(Data entries)
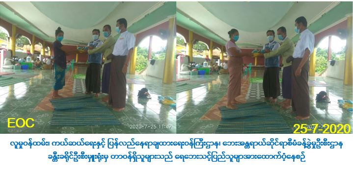လူမှုဝန်ထမ်း၊ ကယ်ဆယ်ရေးနှင့် ပြန်လည်နေရာချထားရေးဝန်ကြီးဌာန၊ ဘေးအန္တရာယ် ဆိုင်ရာစီမံခန့်ခွဲမှုဦးစီးဌာန၊ ခန္တီးခရိုင်ဦးစီးမှူးရုံးမှ တာဝန်ရှိသူများသည် ခန္တီးမြို့နယ်၌ ၂၀၂၀ ခုနှစ်၊ ဇူလိုင်လတွင် မိုးသည်းထန်စွာရွာသွန်းမှုကြောင့် ချင်းတွင်းမြစ်ကမ်းဘေးဝဲယာနှင့် မြေနိမ့်ပိုင်းနေရာများသို့ ရေဝင်ရောက်ခဲ့ရာ (၂၄-၇-၂၀၂၀) ရက်နေ့တွင် ထပ်မံပြောင်းရွှေ့ ရသည့် ခန္တီးမြို့နယ်၊ ပေါမိုင်းရပ်ကွက်နှင့်မြို့မရပ်ကွက်မှ စုစုပေါင်းအိမ်ထောင်စု (၇) စု၊ လူဦးရေ (၃၂) ဦးတို့အတွက် ဆန်ရိက္ခာဖိုးထောက်ပံ့ငွေ (၆၇၂,၀ဝိ/-) ကျပ်၊ ဆပ်ပြာ(၇) တောင့်နှင့် နှာခေါင်းစည်း(၃၂)ခုတို့ကို (၂၅-၇-၂၀၂၀) ရက်နေ့၊ (၁၁:၄၈) နာရီအချိန်တွင် ထောက်ပံ့ပေးခဲ့ကြောင်း သတင်းရရှိပါသည်။
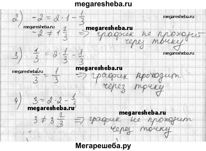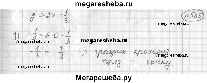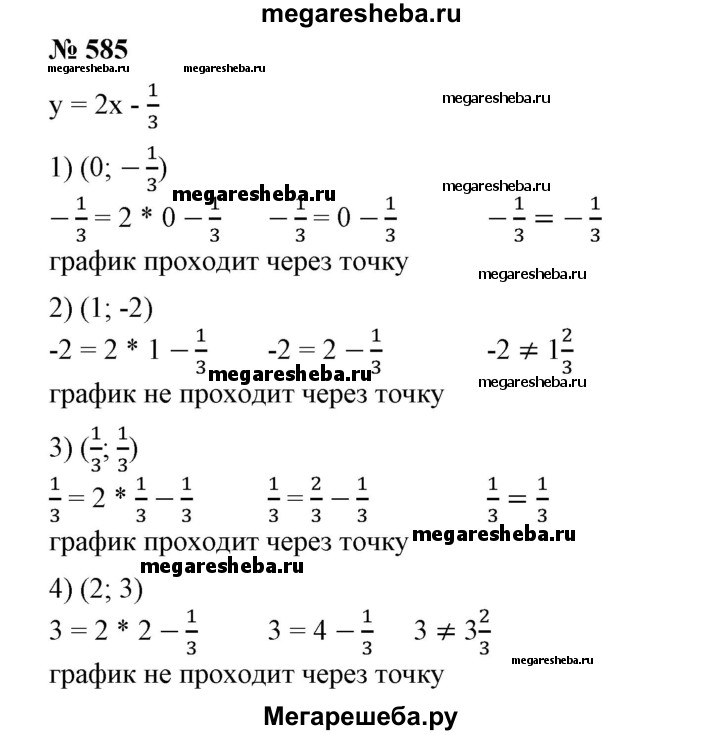 585 Не выполняя построения графика функции y = 2x-1/3, выяснить, проходит ли он через точку: 1) (0; -1/3) 2) (1; -2); 3) (1/3; 1/3); 4) (2; 3).
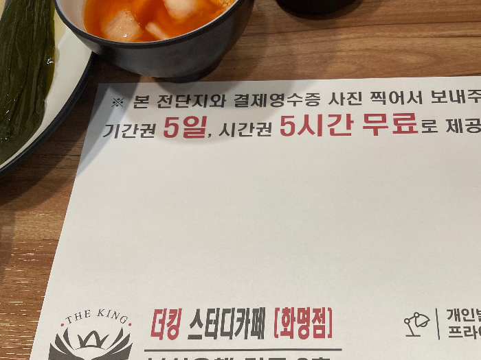 기간권 5일 시간권 5시간 무료로 제공한다는 스터디카페 :
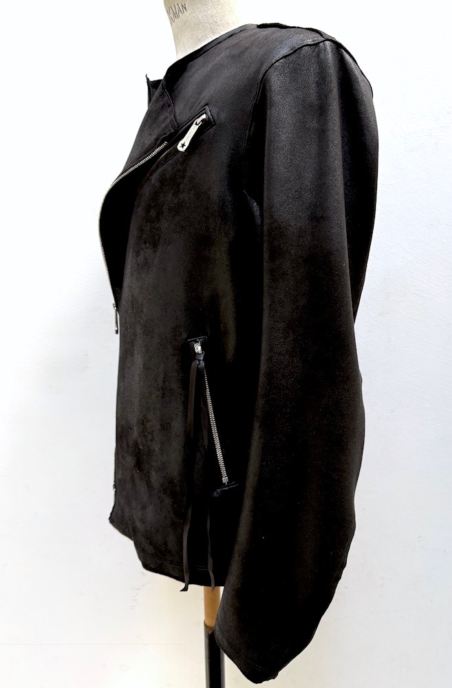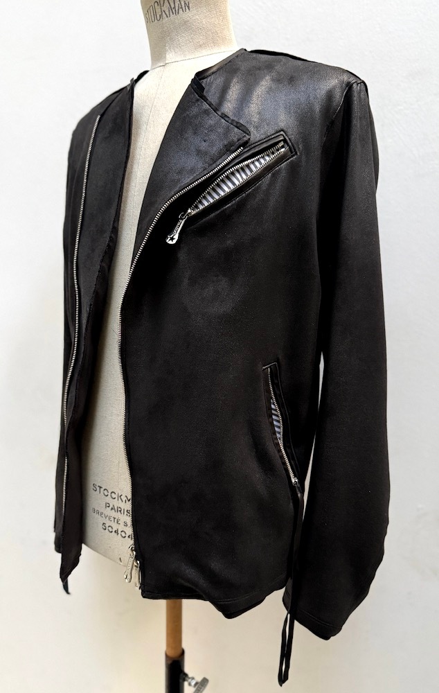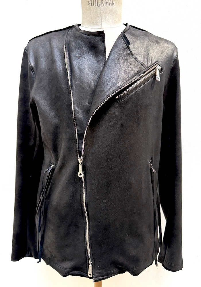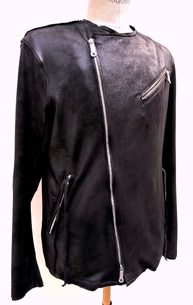 通年着用可能な、10オンス4WAYストレッチ・エコスエードに透明箔加工を施し、リアルレザーの質感と抜群のストレッチ性を持ち合わせた、ライトオンス・ハイテンション エコレザーをベースに、本革ラムレザーを(衿周り, 後ろ衿見返し,ポケット両玉縁の切替パーツ)贅沢に採用した、新作”ハイブリッドノーカラー・ライダースジャケット。
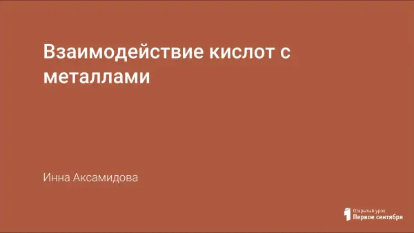 Цель урока - продолжить характеризовать общие химические свойства кислот в свете ионных представлений. Для этого нужно: научиться пользоваться рядом напряжений металлов для прогнозирования возможных химических реакций кислот. Экспериментально проверяется возможность взаимодействия хлороводородной кислоты с различными металлами. Дети выясняют закономерности взаимодействия кислот с металлами и подходят к понятию активности. Это понятие закрепляется в игровой форме.
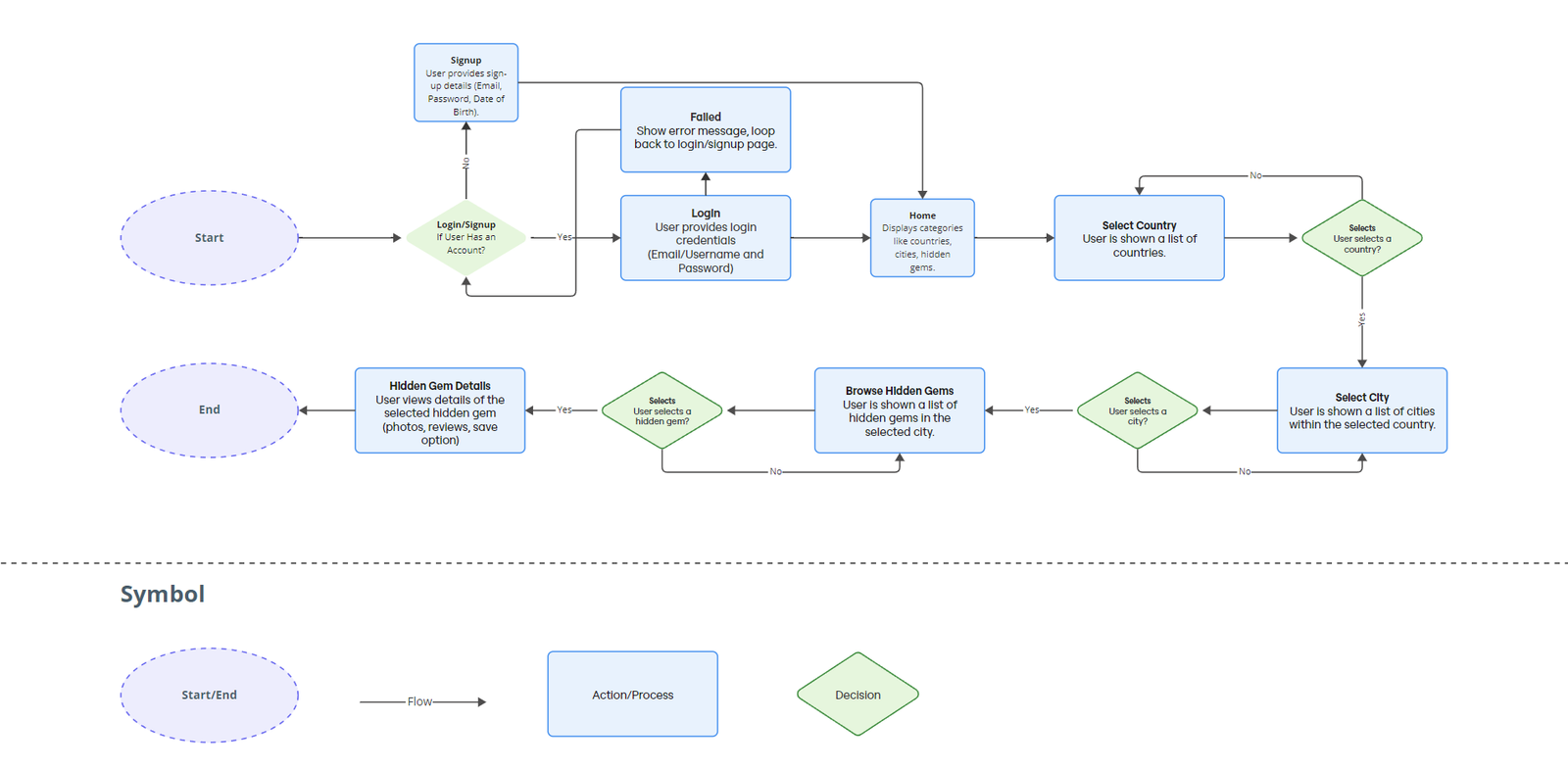 The UML/Flowchart for HiddenGem provides a clear visual representation of the app's core user journey, from the initial login/signup process to selecting a country or city and exploring curated hidden spots.

ASSIGNED TASK: Omit every picture, then write out the entries above exactly.

ANSWER BOX:
လူမှုဝန်ထမ်း၊ ကယ်ဆယ်ရေးနှင့် ပြန်လည်နေရာချထားရေးဝန်ကြီးဌာန၊ ဘေးအန္တရာယ် ဆိုင်ရာစီမံခန့်ခွဲမှုဦးစီးဌာန၊ ခန္တီးခရိုင်ဦးစီးမှူးရုံးမှ တာဝန်ရှိသူများသည် ခန္တီးမြို့နယ်၌ ၂၀၂၀ ခုနှစ်၊ ဇူလိုင်လတွင် မိုးသည်းထန်စွာရွာသွန်းမှုကြောင့် ချင်းတွင်းမြစ်ကမ်းဘေးဝဲယာနှင့် မြေနိမ့်ပိုင်းနေရာများသို့ ရေဝင်ရောက်ခဲ့ရာ (၂၄-၇-၂၀၂၀) ရက်နေ့တွင် ထပ်မံပြောင်းရွှေ့ ရသည့် ခန္တီးမြို့နယ်၊ ပေါမိုင်းရပ်ကွက်နှင့်မြို့မရပ်ကွက်မှ စုစုပေါင်းအိမ်ထောင်စု (၇) စု၊ လူဦးရေ (၃၂) ဦးတို့အတွက် ဆန်ရိက္ခာဖိုးထောက်ပံ့ငွေ (၆၇၂,၀ဝိ/-) ကျပ်၊ ဆပ်ပြာ(၇) တောင့်နှင့် နှာခေါင်းစည်း(၃၂)ခုတို့ကို (၂၅-၇-၂၀၂၀) ရက်နေ့၊ (၁၁:၄၈) နာရီအချိန်တွင် ထောက်ပံ့ပေးခဲ့ကြောင်း သတင်းရရှိပါသည်။
 585 Не выполняя построения графика функции y = 2x-1/3, выяснить, проходит ли он через точку: 1) (0; -1/3) 2) (1; -2); 3) (1/3; 1/3); 4) (2; 3).
 기간권 5일 시간권 5시간 무료로 제공한다는 스터디카페 :
 通年着用可能な、10オンス4WAYストレッチ・エコスエードに透明箔加工を施し、リアルレザーの質感と抜群のストレッチ性を持ち合わせた、ライトオンス・ハイテンション エコレザーをベースに、本革ラムレザーを(衿周り, 後ろ衿見返し,ポケット両玉縁の切替パーツ)贅沢に採用した、新作”ハイブリッドノーカラー・ライダースジャケット。
 Цель урока - продолжить характеризовать общие химические свойства кислот в свете ионных представлений. Для этого нужно: научиться пользоваться рядом напряжений металлов для прогнозирования возможных химических реакций кислот. Экспериментально проверяется возможность взаимодействия хлороводородной кислоты с различными металлами. Дети выясняют закономерности взаимодействия кислот с металлами и подходят к понятию активности. Это понятие закрепляется в игровой форме.
 The UML/Flowchart for HiddenGem provides a clear visual representation of the app's core user journey, from the initial login/signup process to selecting a country or city and exploring curated hidden spots.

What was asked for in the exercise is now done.